I happily accept that there is a tremendous amount of goodwill for the Queen – she’s been there for 60 years – and I am sure she does a lot of good work but that does not detract from my inherent belief that the royals legitimise a system of elitism in Great Britain that I cannot condone.
From them flows a system of patronage, pecking order and pap that is abhorrent to me in 21st-century Britain. They sit at the apex of privilege, ensuring the continued existence of a society riven by class inequality and that is not a nationhood I identify with or wish to belong.
And yet, it seems, like all our modern-day political leaders, I now accept that the Queen is probably a good old stick. She undoubtedly brings joy to some and if I ever reach 100 years old, I’m sure I’ll be so grateful for a telegram from anyone, such that my anarchic views of the monarchy will be lost in a mist of emotion and failed memory.
But I couldn’t possibly call anyone ma’am, doff my cap or curtsey. In short, I see no reason why one person should be revered for simply being born into a particular social strata and I don’t do deference.
I am, at heart, a republican, but the chasm between my ambivalent acceptance of the status quo and of offering full endorsement of the continued existence of the royal institution is vast.

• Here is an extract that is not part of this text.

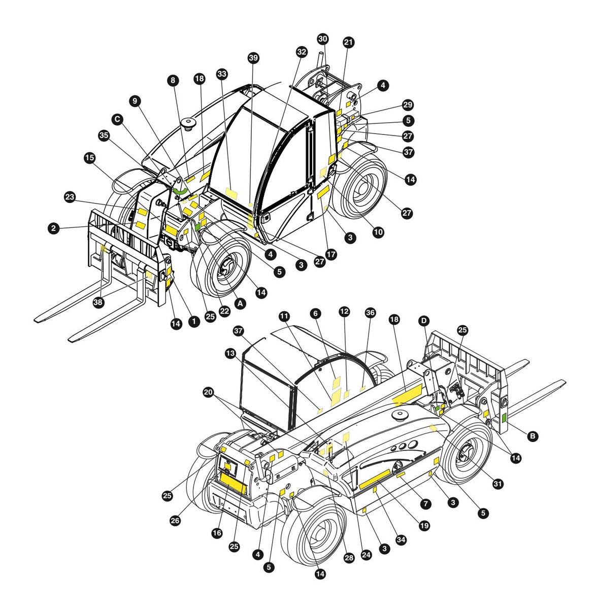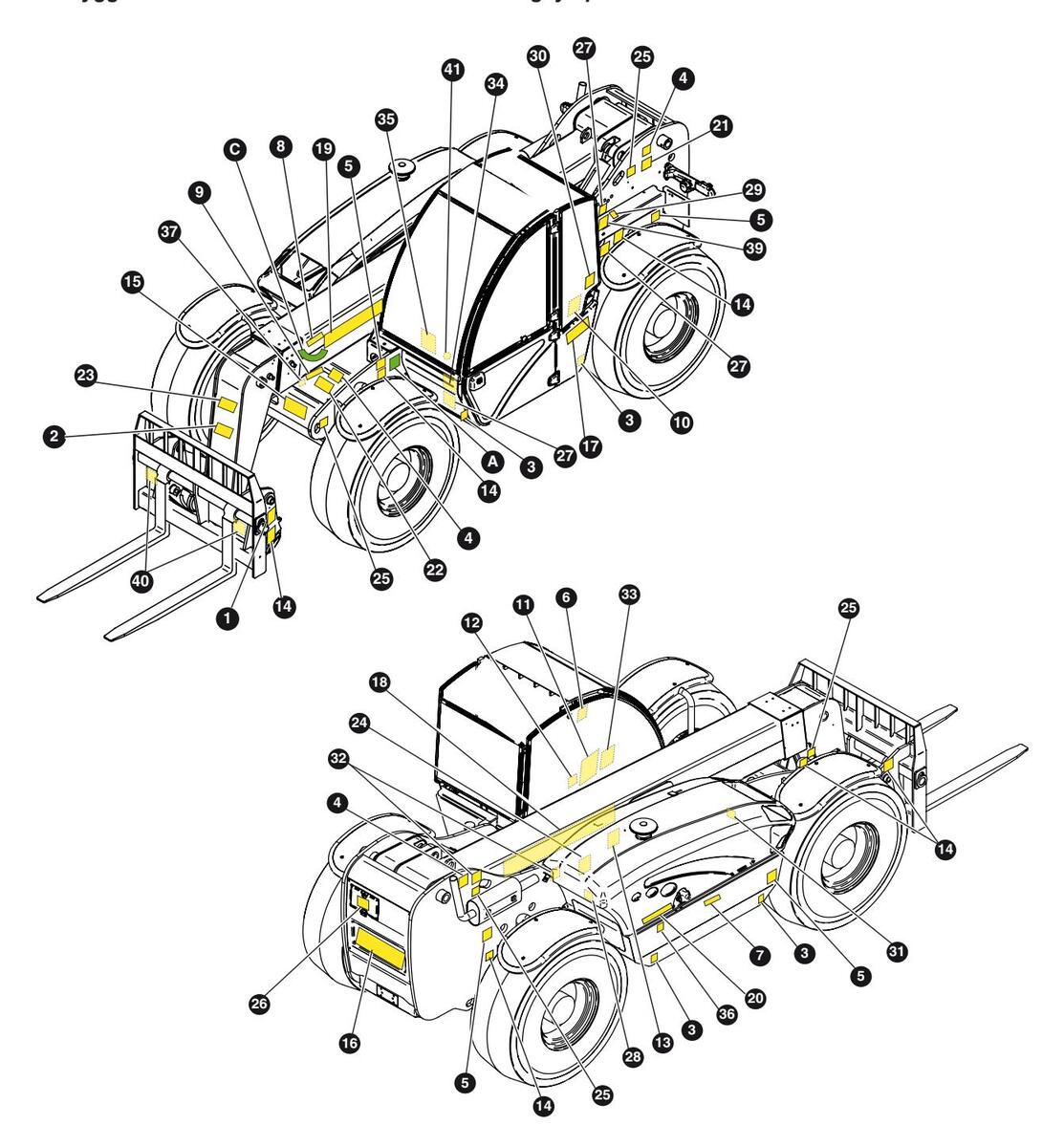 Plötur helstu hluta lyftarans sem ekki eru beinlínis framleiddir af TEREXLIFT srl (til dæmis vélar, dælur o.s.frv.) eru staðsettar þar sem þeim var komið fyrir af framleiðendum beirra.

Last week’s events showed me and the rest of the world that huge swathes of the British population love a party and they like the Queen. Polls indicate that 80 per cent of those in England wish to keep the monarchy – although just 40 per cent of Scots – and I accept that. I would rather keep the Queen than Trident but neither is really up for debate.
The Queen has been through good and bad times in her relationship with the people of Britain, but like much else at the moment, she and her jubilee, should be viewed through the prism of the independence referendum and as such, it is her future as much as ours that should be up for debate.
Ed Miliband seized the opportunity during this week of royal celebrations to reclaim the Union Jack and talk about his Englishness and his Britishness and how one identity need not supersede the other. This, he claimed, was an argument for the Union.
But he misses the point. Being Scottish does mean something. Being English has proved harder to define but trying to define either by representing the monarchy as some benign symbol of constitutional fluffiness that spans us all is flawed. The monarchy, no matter how stripped down, still has a profoundly antidemocratic role within the British political, economic and social system.
I did not recognise my Scottishness within the sea of waving Union Jacks or the pomp and pageantry that we witnessed, principally, down south, last week. We sit at an incredible moment in time. A test of true democracy is coming and there are Scots who are not frightened of change but making the monarchy a line in the sand stifles discussion of more radical reform of the institutions that span below it, like the House of Lords, the honours system, the titles, the aristocracy and a feudal legacy which open doors to unfair wealth, contact and opportunity.
I would like to have seen the jubilee spark a keen debate about nationhood, identity and the kind of society we want for our children and our children’s children, whether that be in or out of the Union but so far, that is one diamond that has failed to shine.